I wish we were more that way about our Savior. It is so easy to focus in on how I’m doing and how other people are doing. What fruit are they producing? Are they actively living out the Christian life? What are we working on, what are we doing, what are we achieving? We take Jesus for granted, we’ve heard about him all our lives; and besides, what we do is what’s important. Right?

We focus in on the branches and forget the incredible, awe-inspiring vine. We look at the little water rivulets and take our eyes off of the million-gallon wonder.

The wonder is that God became a man, and he suffered and died for us. And he rose from the dead, and promises we will too, simply by trusting him.

“Whoever believes in me, as the Scripture has said, ‘Out of his heart will flow rivers of living water.’” John 7:38).

See, we’ll participate in the most incredible event ever… rivers of living water will flow from us. But it won’t be our water. It will be the living water of the Spirit, bursting forth from the most incredible event ever.

It is something of a paradox, that our work is actually to keep our eyes on the marvel of the geyser, and not to be so distracted by ourselves. “This is the work of God, to believe in the one he has sent” (John 6:29). I need to trust in the geyser, that water will be delivered, and the water isn’t produced by me, but is a result of the power and strength of someone else.

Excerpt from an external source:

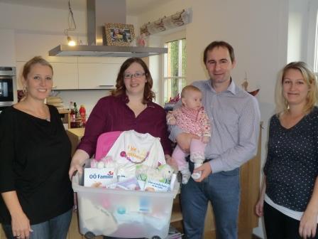 Das Team der Familienfreundlichen Gemeinde, rund um Astrid Lüftinger, Bianca Fischer und Gabi Pühringer, war in den letzten Wochen ganz besonders aktiv und gestaltete mit viel Liebe und Geduld Geschenkboxen für die neugeborenen Kinder von Kirchham, das sogenannte Kirchhamer Waisat. Eine weitere dieser Geschenkboxen überbrachten sie vor kurzem den stolzen Eltern Gerhard Lehner u. Christine Maria Ehmeier, Feichtenberg 23, für ihre Tochter Julia Marie, welche Anfang Juli das Licht der Welt erblickte. Sie überbrachten damit auch die besten Glückwünsche seitens der Gemeinde. Auch wir wünschen viel Glück, Freude, Gesundheit und Gottes Segen! |
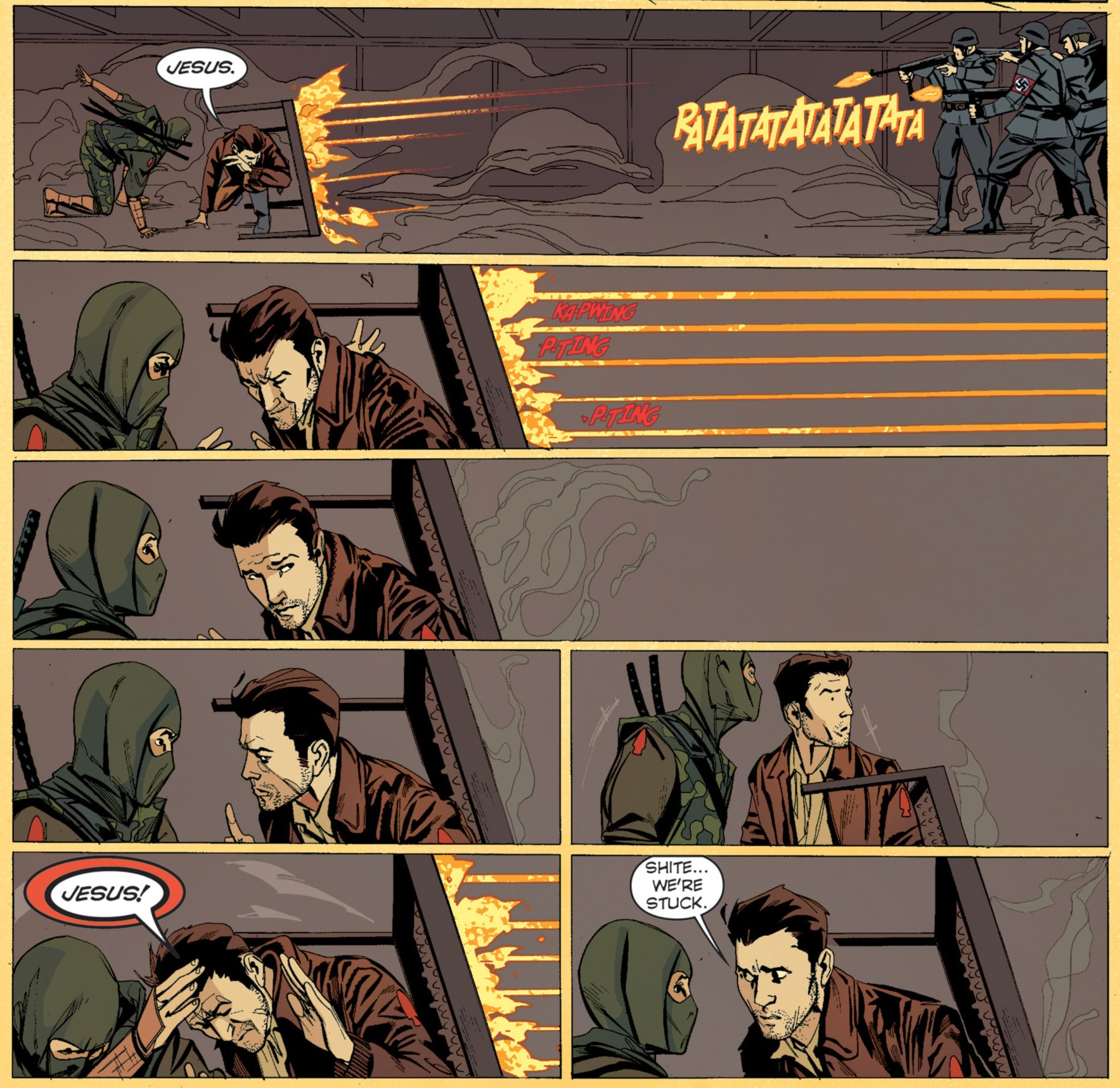 Of course this book is not all about dinosaurs, it is about Nazi’s too. It unfolds that the Germans are cultivating these creatures with an endgame of producing chemical weapons. Thus a unlikely band of heroes enter a bar, fight with Flynn with a view to recruiting him back into the war. We have the tough brawny Brit, the Japanese Ninja and the sassy American dame joining the plucky Irishman. The story progresses with multiple twists and turns and become quite the action packed caper. We see multiple action sequences that involves fists, knives, guns, tanks, trains, planes and boats. There is even a shark in there for good measure. The writing is very succinct and precise because the multiple cinema tropes are at play require minimal explanation, so we can freely enjoy the art at hand. It is strong storytelling with perfect artistic balance.

Jesus isn’t just the headwater of our faith, like a roaring stream has a little tributary that starts it off. Jesus is the geyser, and he gets us wet. He’s the force and the power. The Holy Spirit is our comforter, reminding us of all that he’s done and all that he’s promised. We have life if he gets us wet – his righteousness is ours, we don’t have any of our own.

The Christian life is dependent entirely on the massive geyser of what God has done. May we never cease to marvel. May we never cease to praise. May we not focus on the tiny rivulets of our own stream, when the wonder is the love of God expressed incredibly in his Son.